Wednesday, June 30, 2010

Packaging Openbravo 3.0 as a distribution

by Paolo Juvara 
Openbravo 3.0 is going to be a landmark release for the Openbravo ecosystem for many reasons, ranging from improved functionality to a completely revised platform.

As the first release candidate milestone of Openbravo 3.0 approaches (the target release is July 2010), I would like to take the time to explore one specific area of innovation: the packaging and delivery of the product.

Unlike previous releases, where Openbravo was offered as a monolithic product on top of which users could install extensions, Openbravo 3.0 is going to be delivered as "distribution" of modules. By distribution, I mean a collection of modules - one of which is Core - selected and integrated to achieve the desired functional footprint of the release.

This approach presents several advantages, including a smoother upgrade for 2.50 users and the ability to reuse 2.50 modules in 3.0. The following presentation illustrates the concept.



Leveraging the modular architecture of 2.50, we have been providing extension modules on top of Core. Some of those extensions are technology oriented, like the Seam Integration or the new User Interface Selector, while others, like Advanced Payables and Receivables, are functional in nature. In both cases, these are pre-3.0 features that can be deployed as modules on top of 2.50.

We can continue to release such modular components until we have all the building blocks we need for 3.0.

This is an effective way to add new capabilities but for 3.0 we also need to remove some unwanted features from Core, in some cases because it is obsolete functionality and in other cases because it is more appropriate as a module rather than a core feature.

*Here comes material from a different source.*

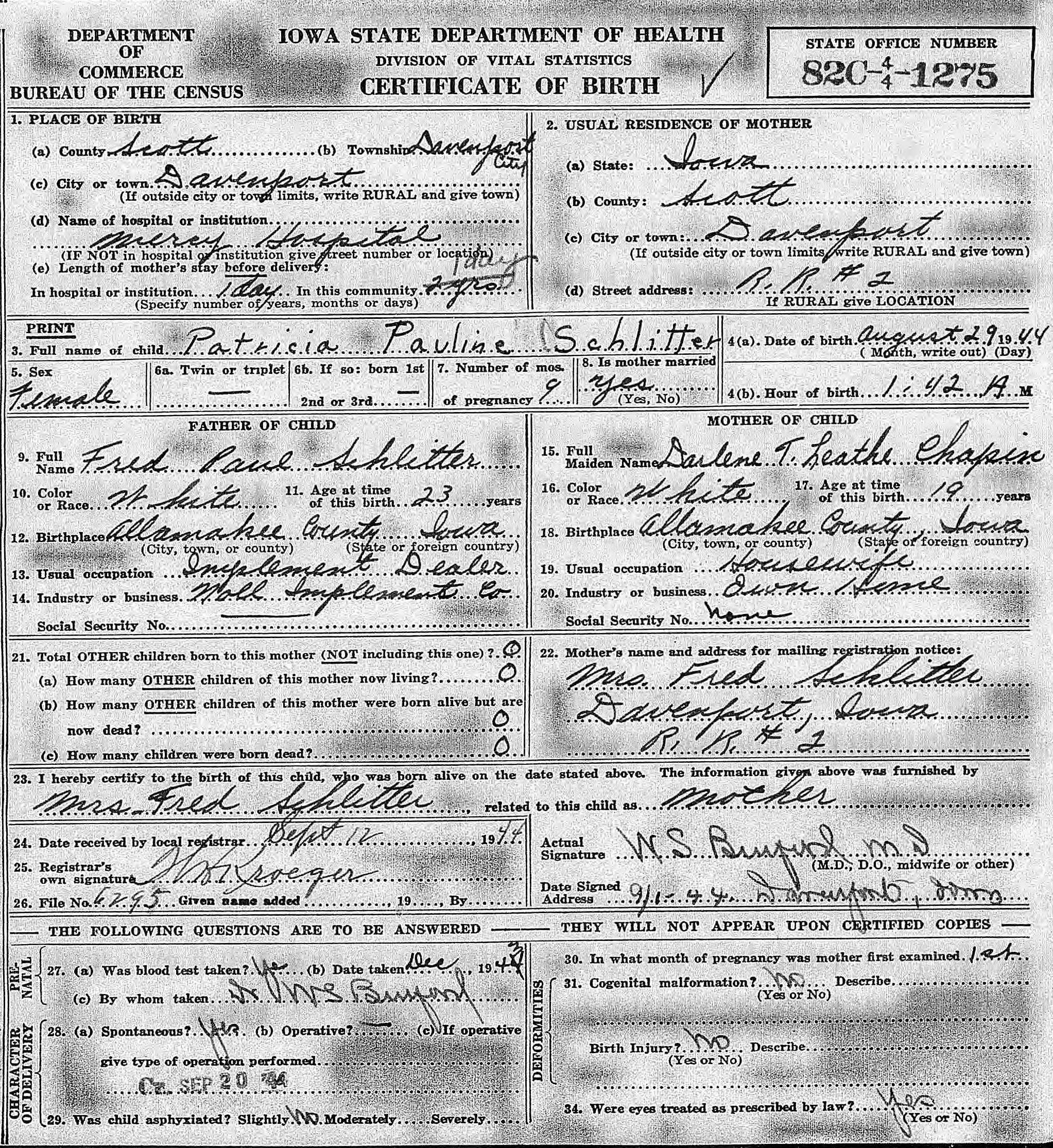 Patricia Pauline Schlitter was born on August 29, 1944 in Davenport, Scott, Iowa, USA. She and

Removing functionality is tricky: if we eliminate the code, in fact, we take the risk of breaking a dependency for an existing module therefore negating the objective of ensuring a smooth upgrade and the durability of modules. To avoid this problem, we will improve the License Manager capabilities of Core: currently the License Manager is the technology that allows us to distinguish between a Community Edition and a Professional Edition; we intend to enhance its capabilities to allow us to securely hide unwanted features and ensuring that they cannot be accidentally re-enabled. While still physically present, the unwanted features will be for all intents and purposes de-activated.

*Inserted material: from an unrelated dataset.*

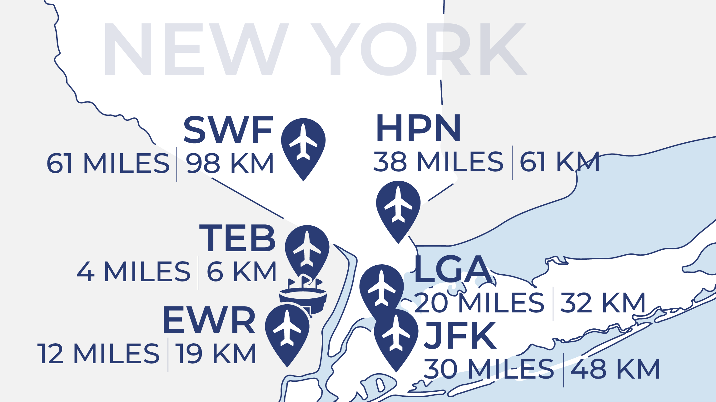 Located in New Windsor, about an hour north of New York City, SWF accommodates both commercial and private aviation. With its 11,800-foot runway, SWF easily handles large jets, international charters, and military operations. The airport operates 24/7 with U.S. Customs and Border Protection on site, making it suitable for international arrivals without diversion to larger NYC airports. While farther from the city and stadium than Teterboro, Stewart offers a less congested alternative with ample ramp space and lower operating costs for charter and private flights.

Leveraging this technology, we can deliver Openbravo 3.0 as a "template" that combines all the desired modules, plus a configuration script that defines the default configuration of the system.

We have already followed a similar approach for QuickStart, one of the professional solutions that we developed for our partners in 2.50 and we will apply the same technique for 3.0.

Using our 3.0 distribution as starting template, it is then possible to add further configuration scripts and provide additional specializations. In this respect, this packaging approach provides a nice balance between the base product and its vertical specializations as both solutions share the same development and distribution approach.

There are some obvious benefits to this approach:
  • Easy upgrade for 2.50 users to 3.0: technically, an upgrade is reduced to the installation of additional modules and a configuration template (of course, there are many non technical aspects involved with an upgrade, but avoiding technical problems already simplifies the challenge)
  • Guaranteed durability of modules: all of the 2.50 modules will be able to work in 3.0 as well because none of their dependencies is altered.
  • Opportunity to gather early feedback on 3.0: we do not need to have 100% of the functionality ready to start exposing it to our community. In fact, many of the 3.0 modules have already been independently available for several months and went through their own feedback and stabilization cycle.
  • Reduced maintenance cost for 2.50: since 2.50 and 3.0 share a common Core, the cost of maintenance will be largely reduced.
I have been using in this post the term "distribution" to describe this approach. This is a term that I liberally borrow from the Linux world, where a distribution, like Ubuntu, Red Hat, or SUSE, etc., is a collection of software packages including the Linux Kernel, a window manager, a desktop environment and other software. This model has proven very successful for Linux and a year ago I discussed how modularity could enable the same approach for Openbravo.
With 3.0 we fully embrace the distribution approach, coming to a full circle and confirming our commitment to build the ecosystem of reference in the open source ERP space.